COUNT(*) vs COUNT(col) 覆盖索引

COUNT(*) vs COUNT(col)


http://www.mysqlperformanceblog.com/2007/04/10/count-vs-countcol/

Looking at how people are using COUNT(*) and COUNT(col) it looks like most of them think they are synonyms and just using what they happen to like, while there is substantial difference in performance and even query result.

Lets look at the following series of examples:

CREATE TABLE `fact` (
  `i` int(10) unsigned NOT NULL,
  `val` int(11) default NULL,
  `val2` int(10) unsigned NOT NULL,
  KEY `i` (`i`)
) ENGINE=MyISAM DEFAULT CHARSET=latin1

mysql> select count(*) from fact;
+----------+
| count(*) |
+----------+
|  7340032 |
+----------+
1 row in set (0.00 sec)

mysql> select count(val) from fact;
+------------+
| count(val) |
+------------+
|    7216582 |
+------------+
1 row in set (1.17 sec)

mysql> select count(val2) from fact;
+-------------+
| count(val2) |
+-------------+
|     7340032 |
+-------------+
1 row in set (0.00 sec)

As this is MYISAM table MySQL has cached number of rows in this table. This is why it is able to instantly answer COUNT(*) and

COUNT(val2) queries, but not COUNT(val). Why ? Because val column is not defined as NOT NULL there can be some NULL values in it and so MySQL have to perform table scan to find out. This is also why result is different for the second query.

So COUNT(*) and COUNT(col) queries not only could have substantial performance performance differences but also ask different question.

MySQL Optimizer does good job in this case doing full table scan only if it is needed because column can be NULL.

Now lets try few more queries:

mysql> select count(*) from fact where i<10000;
+----------+
| count(*) |
+----------+
|   733444 |
+----------+
1 row in set (0.40 sec)

mysql> explain select count(*) from fact where i<10000 \G
*************************** 1. row ***************************
           id: 1
  select_type: SIMPLE
        table: fact
         type: range
possible_keys: i
          key: i
      key_len: 4
          ref: NULL
         rows: 691619
        Extra: Using where; Using index
1 row in set (0.00 sec)

mysql> select count(val) from fact where i<10000;
+------------+
| count(val) |
+------------+
|     720934 |
+------------+
1 row in set (1.29 sec)

mysql> explain select count(val) from fact where i<10000 \G
*************************** 1. row ***************************
           id: 1
  select_type: SIMPLE
        table: fact
         type: range
possible_keys: i
          key: i
      key_len: 4
          ref: NULL
         rows: 691619
        Extra: Using where
1 row in set (0.00 sec)

mysql> select count(val2) from fact where i<10000;
+-------------+
| count(val2) |
+-------------+
|      733444 |
+-------------+
1 row in set (1.30 sec)

mysql> explain select count(val2) from fact where i<10000 \G
*************************** 1. row ***************************
           id: 1
  select_type: SIMPLE
        table: fact
         type: range
possible_keys: i
          key: i
      key_len: 4
          ref: NULL
         rows: 691619
        Extra: Using where
1 row in set (0.00 sec)

As you can see even if you have where clause performance for count(*) and count(col) can be significantly different.

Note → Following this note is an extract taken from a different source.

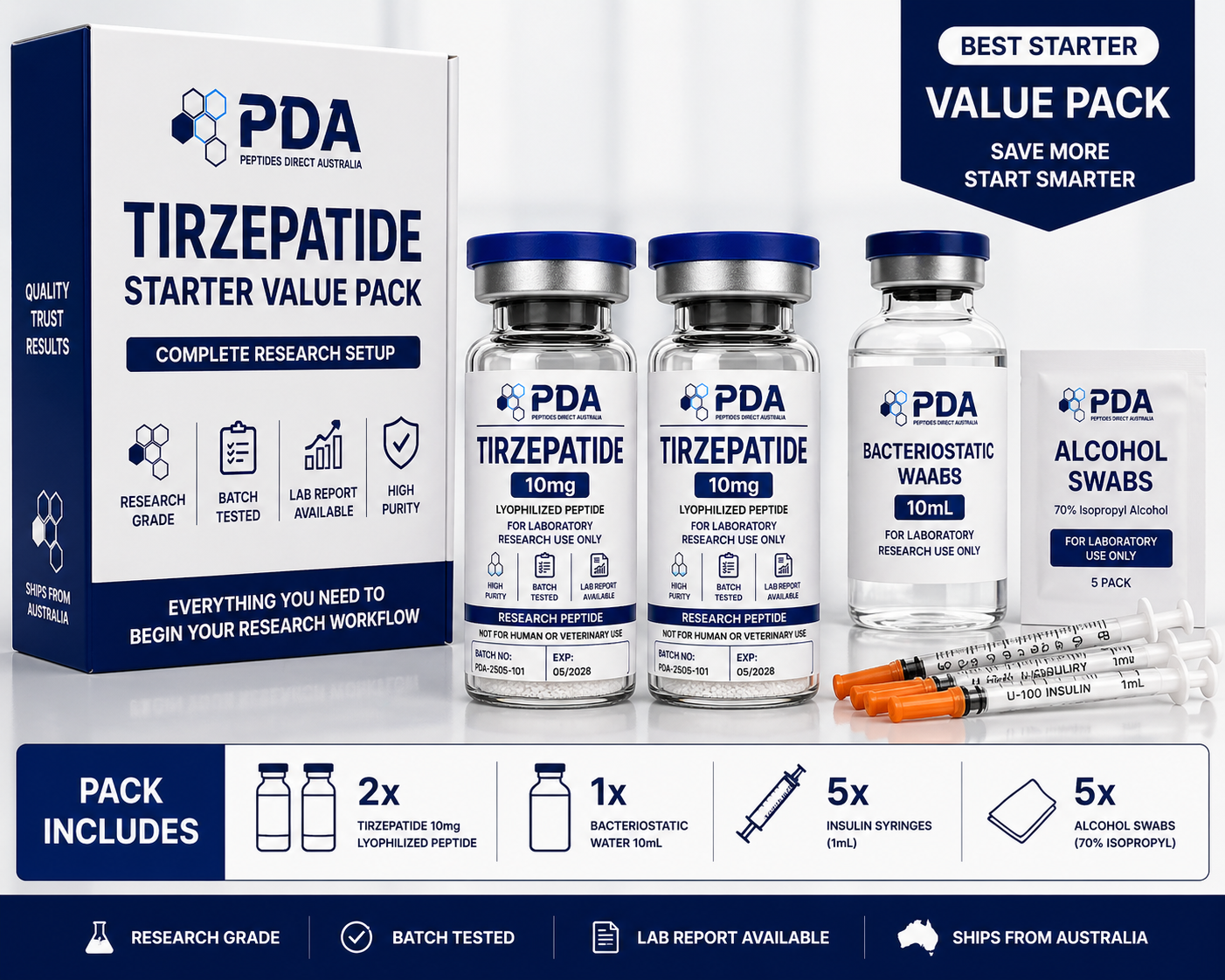 Buy Tirzepatide starter kit in Australia. Complete bundle with 2ร 10mg vials and essential lab supplies for streamlined research setup.

In fact this example shows just 3 times performance difference because all data fits in memory, for IO bound workloads you frequently can see 10 and even 100 times performance difference in this case.

The thing is count(*) query can use covering index even while count(col) can't. Of course you can extend index to be (i,val) and get query to be index covered again but I would use this workaround only if you can't change the query (ie it is third party application) or in case column name is in the query for reason, and you really need count of non-NULL values.

It is worth to note in this case MySQL Optimizer does not do too good job optimizing the query. One could notice (val2) column is not null so count(val2) is same as count(*) and so the query could be run as index covered query. It does not and both queries have to perform row reads in this case.

mysql> alter table fact drop key i, add key(i,val);
Query OK, 7340032 rows affected (37.15 sec)
Records: 7340032  Duplicates: 0  Warnings: 0

mysql> select count(val) from fact where i<10000;
+------------+
| count(val) |
+------------+
|     720934 |
+------------+
1 row in set (0.78 sec)

As you can see extending index helps in this case but it makes query about 2 times slower compared to count(*) one. This is probably because index becomes about two times longer in this case.